Segment Open
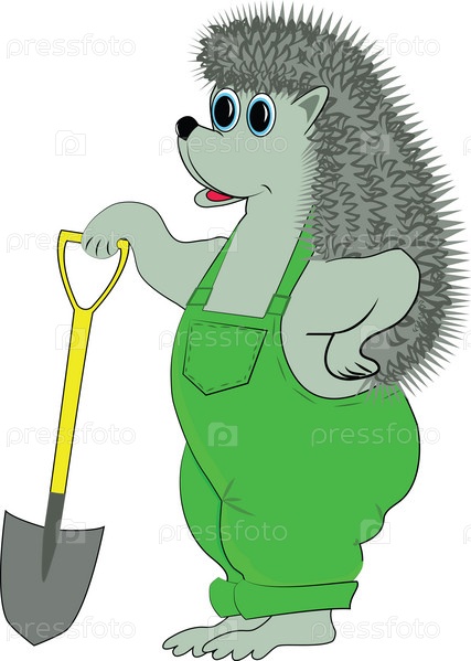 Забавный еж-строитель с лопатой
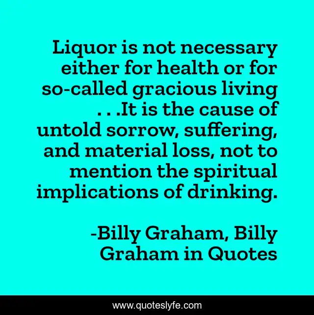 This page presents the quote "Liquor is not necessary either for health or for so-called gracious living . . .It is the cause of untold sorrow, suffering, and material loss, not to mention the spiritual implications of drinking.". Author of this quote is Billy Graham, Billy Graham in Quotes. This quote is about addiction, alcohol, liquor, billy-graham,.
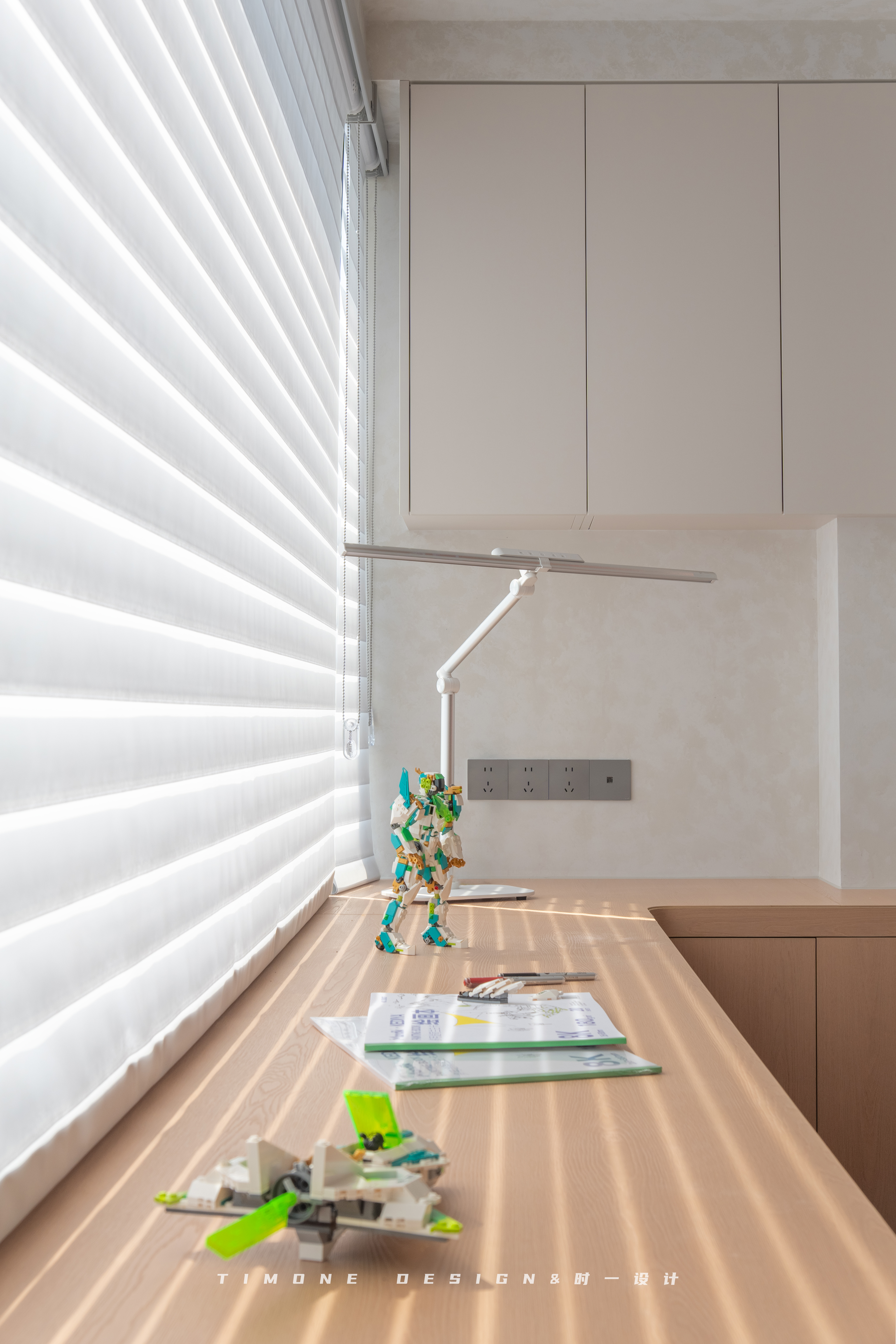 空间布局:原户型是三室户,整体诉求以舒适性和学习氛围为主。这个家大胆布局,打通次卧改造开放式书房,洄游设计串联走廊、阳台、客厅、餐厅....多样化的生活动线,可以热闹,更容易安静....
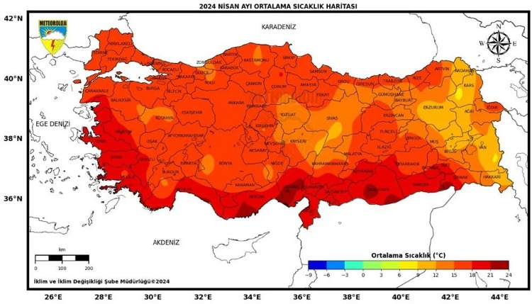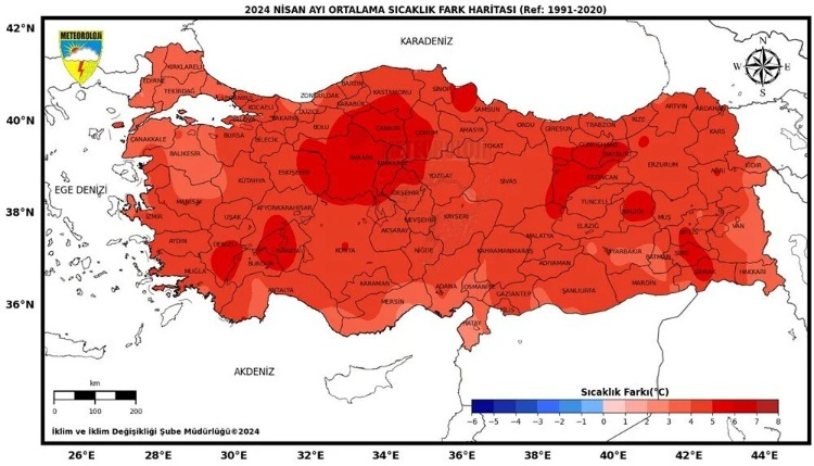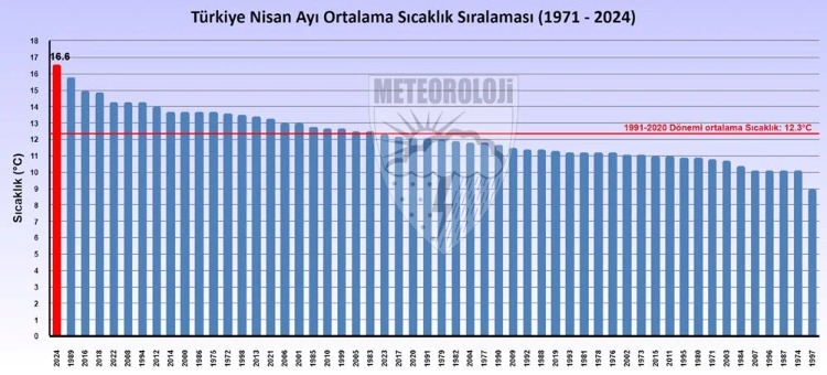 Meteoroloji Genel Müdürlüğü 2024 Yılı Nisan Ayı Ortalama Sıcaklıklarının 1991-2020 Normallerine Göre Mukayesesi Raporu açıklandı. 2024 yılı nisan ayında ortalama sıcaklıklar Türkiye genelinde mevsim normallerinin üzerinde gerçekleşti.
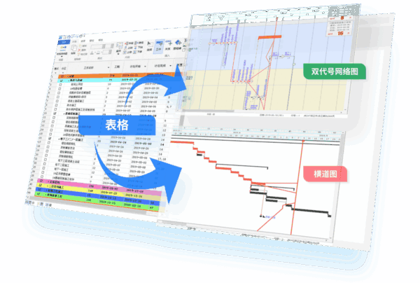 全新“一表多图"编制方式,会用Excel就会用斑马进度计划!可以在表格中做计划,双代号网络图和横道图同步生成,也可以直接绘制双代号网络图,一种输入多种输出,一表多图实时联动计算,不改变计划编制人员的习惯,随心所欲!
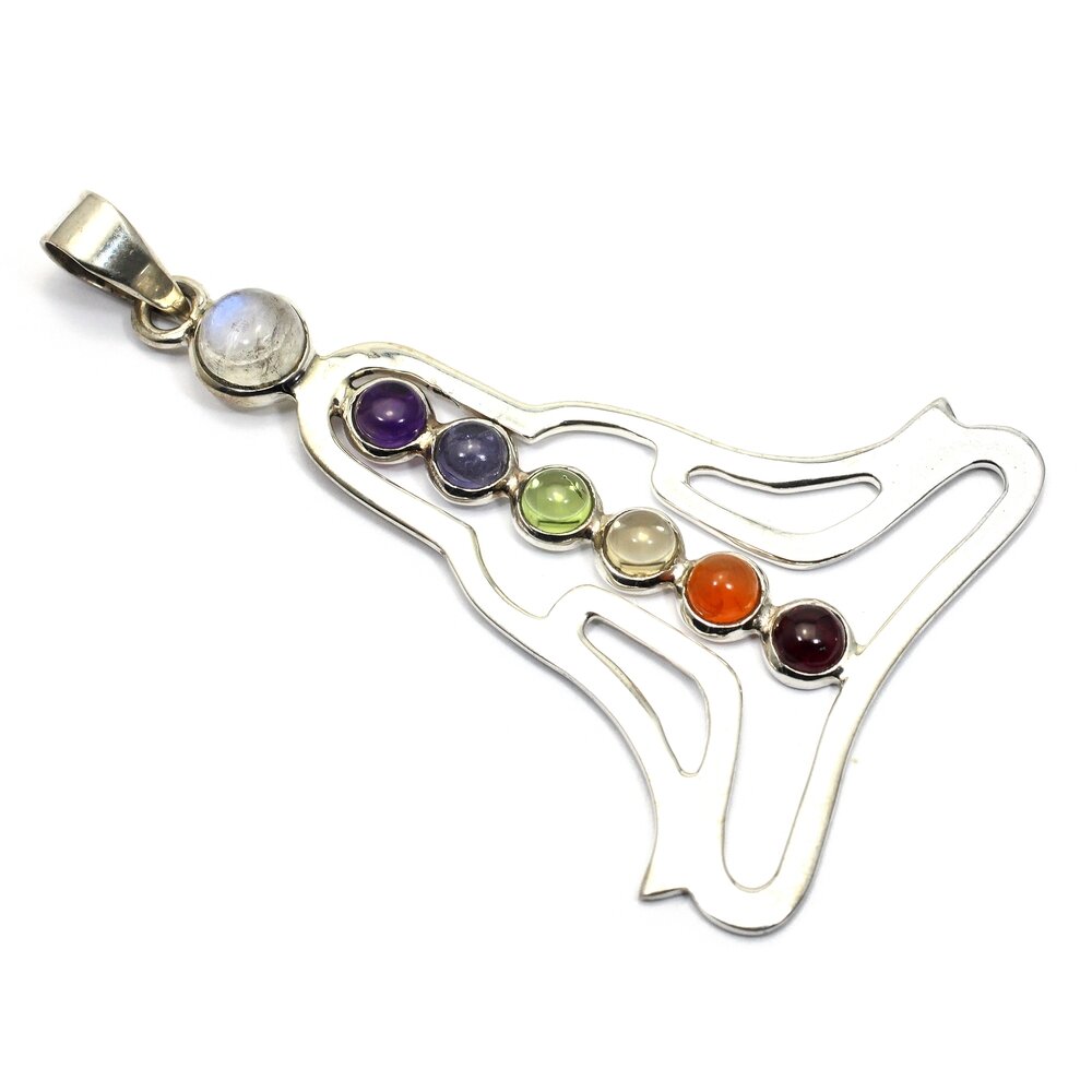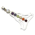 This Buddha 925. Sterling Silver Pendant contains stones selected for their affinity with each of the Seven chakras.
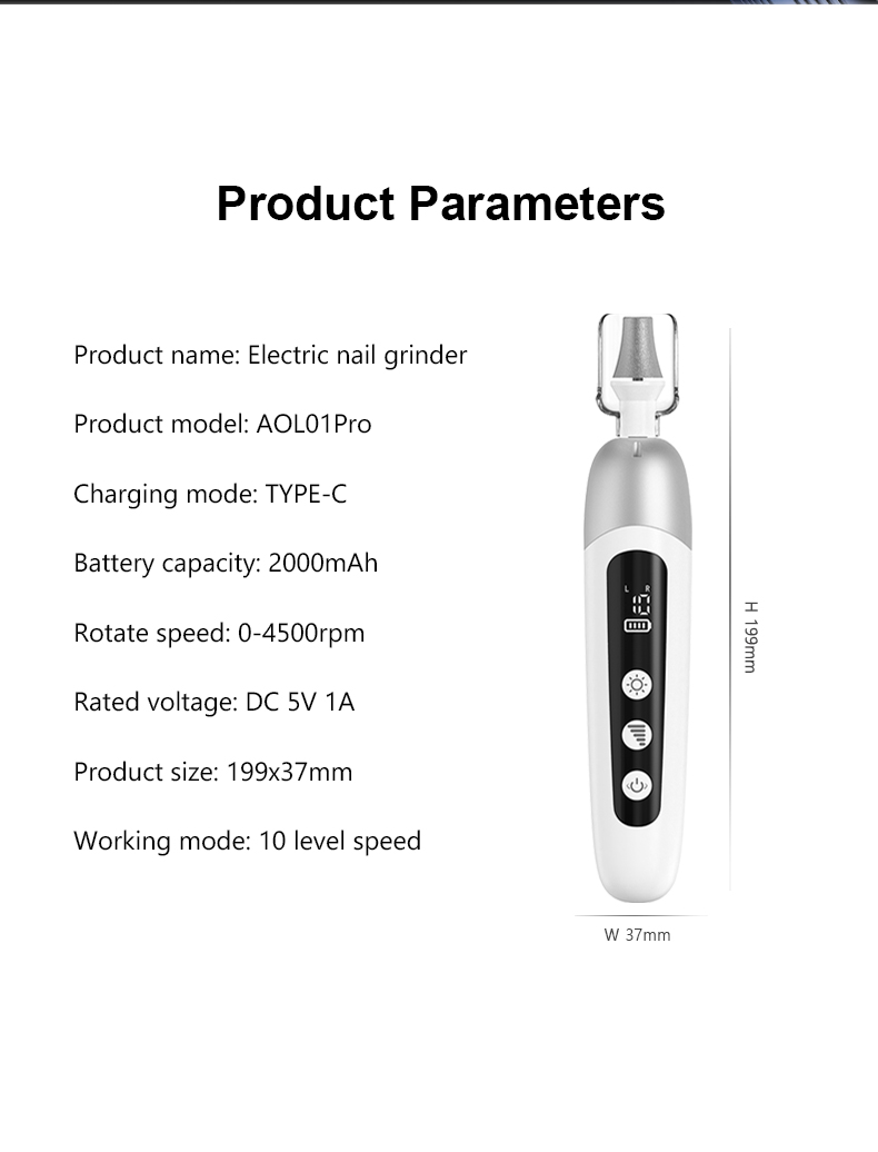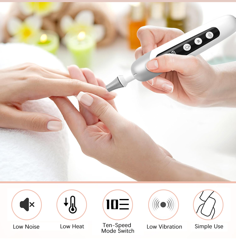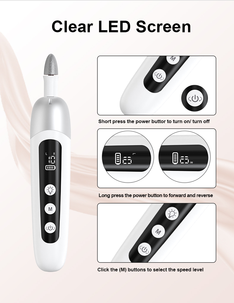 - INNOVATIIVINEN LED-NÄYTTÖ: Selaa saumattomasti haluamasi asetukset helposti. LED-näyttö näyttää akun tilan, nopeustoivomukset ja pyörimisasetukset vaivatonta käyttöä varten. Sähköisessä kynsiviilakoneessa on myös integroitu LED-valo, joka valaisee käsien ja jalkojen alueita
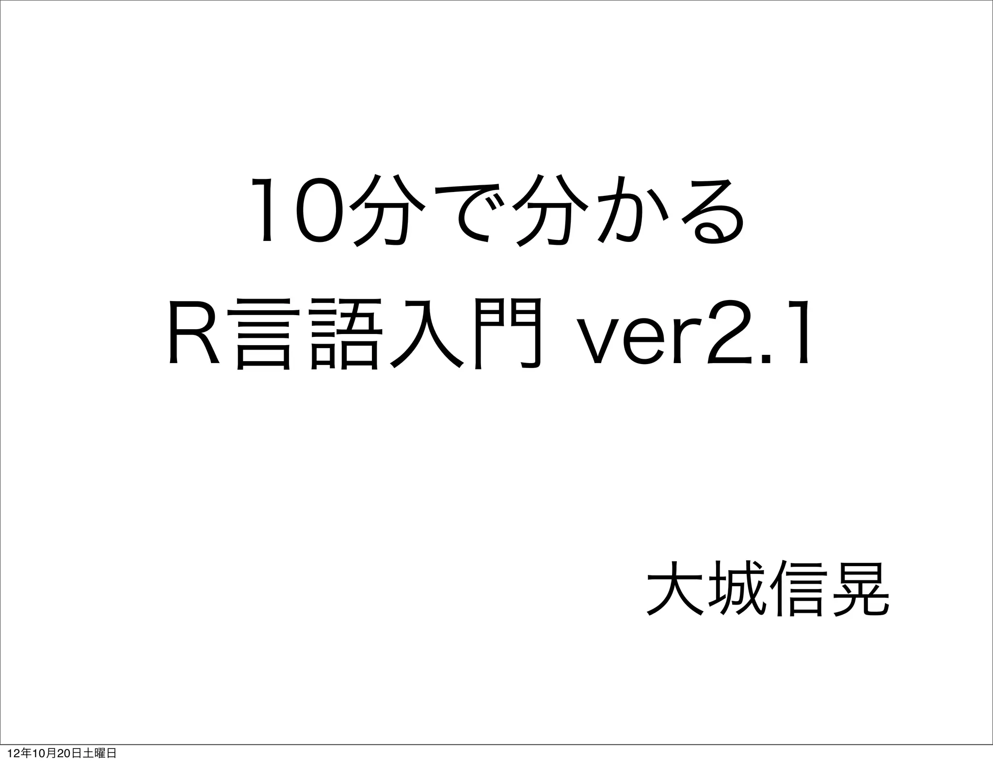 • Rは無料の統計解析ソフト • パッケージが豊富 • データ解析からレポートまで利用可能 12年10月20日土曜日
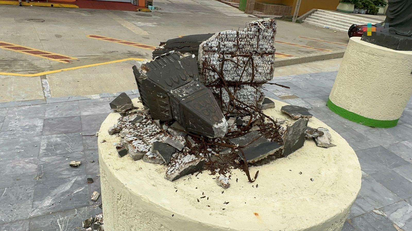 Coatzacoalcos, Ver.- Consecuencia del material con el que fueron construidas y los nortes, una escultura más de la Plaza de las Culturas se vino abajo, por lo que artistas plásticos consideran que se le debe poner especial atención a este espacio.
Segment Closed
# [Work required]
Quote every line of the records above exactly; no picture is to be copied.

# [Response area]
 Забавный еж-строитель с лопатой
 This page presents the quote "Liquor is not necessary either for health or for so-called gracious living . . .It is the cause of untold sorrow, suffering, and material loss, not to mention the spiritual implications of drinking.". Author of this quote is Billy Graham, Billy Graham in Quotes. This quote is about addiction, alcohol, liquor, billy-graham,.
 空间布局:原户型是三室户,整体诉求以舒适性和学习氛围为主。这个家大胆布局,打通次卧改造开放式书房,洄游设计串联走廊、阳台、客厅、餐厅....多样化的生活动线,可以热闹,更容易安静....
 Meteoroloji Genel Müdürlüğü 2024 Yılı Nisan Ayı Ortalama Sıcaklıklarının 1991-2020 Normallerine Göre Mukayesesi Raporu açıklandı. 2024 yılı nisan ayında ortalama sıcaklıklar Türkiye genelinde mevsim normallerinin üzerinde gerçekleşti.
 全新“一表多图"编制方式,会用Excel就会用斑马进度计划!可以在表格中做计划,双代号网络图和横道图同步生成,也可以直接绘制双代号网络图,一种输入多种输出,一表多图实时联动计算,不改变计划编制人员的习惯,随心所欲!
 This Buddha 925. Sterling Silver Pendant contains stones selected for their affinity with each of the Seven chakras.
 - INNOVATIIVINEN LED-NÄYTTÖ: Selaa saumattomasti haluamasi asetukset helposti. LED-näyttö näyttää akun tilan, nopeustoivomukset ja pyörimisasetukset vaivatonta käyttöä varten. Sähköisessä kynsiviilakoneessa on myös integroitu LED-valo, joka valaisee käsien ja jalkojen alueita
 • Rは無料の統計解析ソフト • パッケージが豊富 • データ解析からレポートまで利用可能 12年10月20日土曜日
 Coatzacoalcos, Ver.- Consecuencia del material con el que fueron construidas y los nortes, una escultura más de la Plaza de las Culturas se vino abajo, por lo que artistas plásticos consideran que se le debe poner especial atención a este espacio.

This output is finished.